Por último, es importante enfatizar la relevancia que ha alcanzado el panel de miopatías en el estudio de la EPI, ya que permite establecer un diagnóstico etiológico que redirecciona las estrategias terapéuticas para los pacientes. Es difícil predecir en el contexto de las miopatías inflamatorias, y en general en cualquier enfermedad reumatológica, quiénes desarrollarán manifestaciones pulmonares y adicionalmente reconocer que muchas veces la EPI puede ser la primera manifestación de una enfermedad sistémica, e incluso ser la única. Es entonces cuando la entidad IPAF (EPI con características autoinmunes) se hace importante, ya que algunos autores la toman como una entidad independiente y otros logran reconocerla como una fase previa al desarrollo de otras manifestaciones sistémicas, pues algunas series demuestran cómo una proporción importante progresa a una enfermedad reumatológica sistémica claramente definida, por lo que el papel del reumatólogo es vital en el seguimiento, además de instaurar intervenciones terapéuticas tempranas que impacten en el pronóstico. El problema es que los criterios de IPAF de los que se dispone, no incluyen algunos anticuerpos que probablemente tengan relevancia en EPI, aunque sean infrecuentes, reconociendo así que aún falta mucho por conocer al respecto y teniendo siempre presente que la enfermedad pulmonar puede ser el anuncio de una enfermedad sistémica17,18.

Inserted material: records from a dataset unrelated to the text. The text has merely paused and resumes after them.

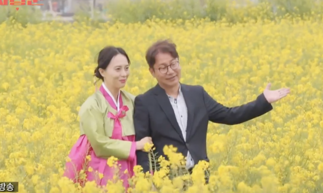 하이라이트는 유채꽃밭 데이트. 두 사람은 영화 ‘폭싹 속았수다’ 속 한 장면처럼 유채꽃밭을 배경으로 한복 차림의 사진을 찍으며 영화 주인공 못지않은 분위기를 자아냈다. 출연진들은 “아이유랑 박보검 같다”며 박수를 보냈고, 심현섭은 “어릴 적 어른들 유채꽃 사진 보며 우리도 저러고 싶었는데 꿈을 이뤄 좋다”며 벅찬 소감을 전했다.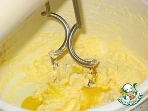 Постепенно добавить желтки, не прекращая взбивать. -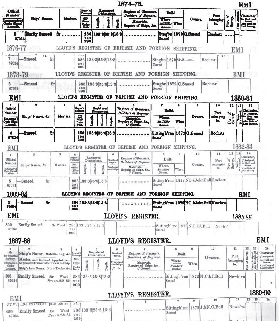 Emily Smeed was built, in 1872, by a ship builder by the name of Smeed, at Murston, Sittingbourne, Kent. A 299 ton wooden schooner, 133.3 ft. long, 3 masts, initially owned by G. Smeed & registered at Rochester, Kent, with a crew of five (at the census in 1881, James Bennett was the Master). ON #67034. The vessel may have been built of recycled timber due to the difficulty of obtaining seasoned timber at the time at an economical cost. Now the webmaster has a number of editions of Lloyd's Register available to him, ex Google Books, thru 1889/90. As you can see here. During that period the vessel was always a schooner, & became, in the 1882/83 edition, owned by J. H. Bull & Company ('Bull'), of Rochester. Soon registered at Newhaven, Sussex. I read that Bull held a contract to deliver coal from NE of England to the Eastbourne Gas Company, presumably at Eastbourne, Sussex, & though they also sailed to the Baltic & to ports on the mainland of Europe, that such coal trade was their principal business.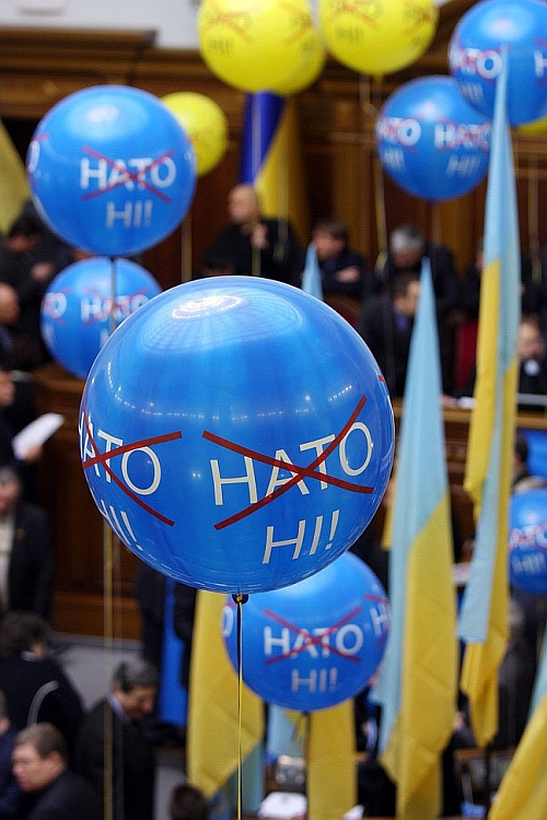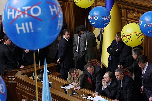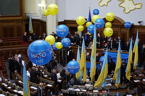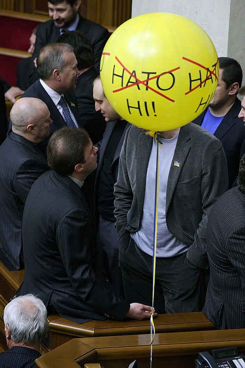 Сессионный зал украсили не просто лозунгами "НАТО – нет!", но и желтыми и синими шариками с аналогичными надписями.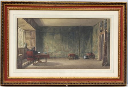 William Harding Collingwood Smith (attr.) "La lettura" 1869 acquarello su...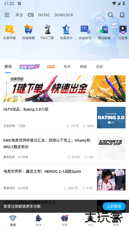 完美世界电竞APP是一款由完美世界官方打造的游戏社区平台,在这个平台也是带来了全面的社区内容,用户朋友是能够获取到海量的游戏数据的,在这里您也是能够第一时间了解到最新的游戏动态资讯等等,有需要了解更多的朋友现在就来下载使用吧!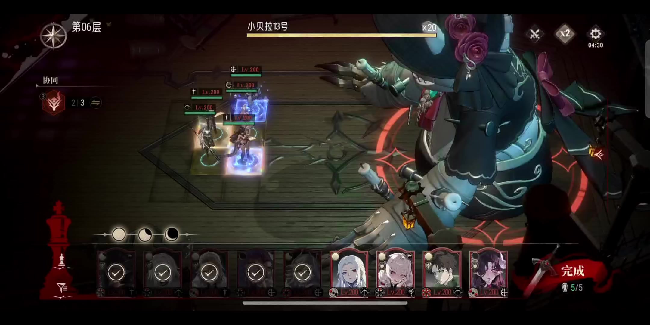 硬件:黑夜队全零命加一高命奶盾; 装备技能:全员全技能4级,装备全红即可,扛不住给衣服升级加血量; 未来遗产:三个残月给4级永生之果,达尔卡罗给海神之颅,白毛姐姐随便带一个把战力提一提即可; 凹法:奶盾负责开局承伤,只要黑毛妹妹开大前黑夜队全活着就行,奥义顺序:黑毛→白毛→达尔卡罗 三个人循环,白毛尽量等潜血满了再开大,伤害会高一些。 这么打能越战35%,但18-9没凹过去,应该是战力差太多,拼尽

ConclusiónLa descripción de dos casos de DM con EPI, en presencia del anticuerpo anti-TIF1γ, nos impulsó a investigar casos similares, con el objetivo de determinar la autenticidad y la relevancia de este hallazgo para la definición de un tratamiento adecuado. A partir de la información recopilada hasta ahora, es evidente que aún tenemos mucho por descubrir sobre la EPI y su relación con las miopatías inflamatorias idiopáticas. Es importante destacar que, aun cuando algunos anticuerpos se identifiquen con mayor frecuencia en casos de EPI, esto no significa que no puedan aparecer en contextos menos comunes, y no se puede negar la posible asociación con anti-TIF1γ, aunque los estudios actuales no hayan logrado establecer esta asociación de forma estadísticamente significativa por el reducido número de casos. Es posible que el anti-TIF1γ no sea el único anticuerpo con estas características, y que existan otros con comportamientos similares para dichas manifestaciones clínicas.
FinanciaciónEl trabajo no recibió financiación de fuentes públicas, comerciales o entidades sin ánimo de lucro.
Consideraciones éticasSe contó con el consentimiento verbal y escrito por parte de los pacientes, además de la aprobación por parte del comité de investigación y ética de la institución.
Conflicto de interesesLos autores declaran no tener ningún conflicto de intereses.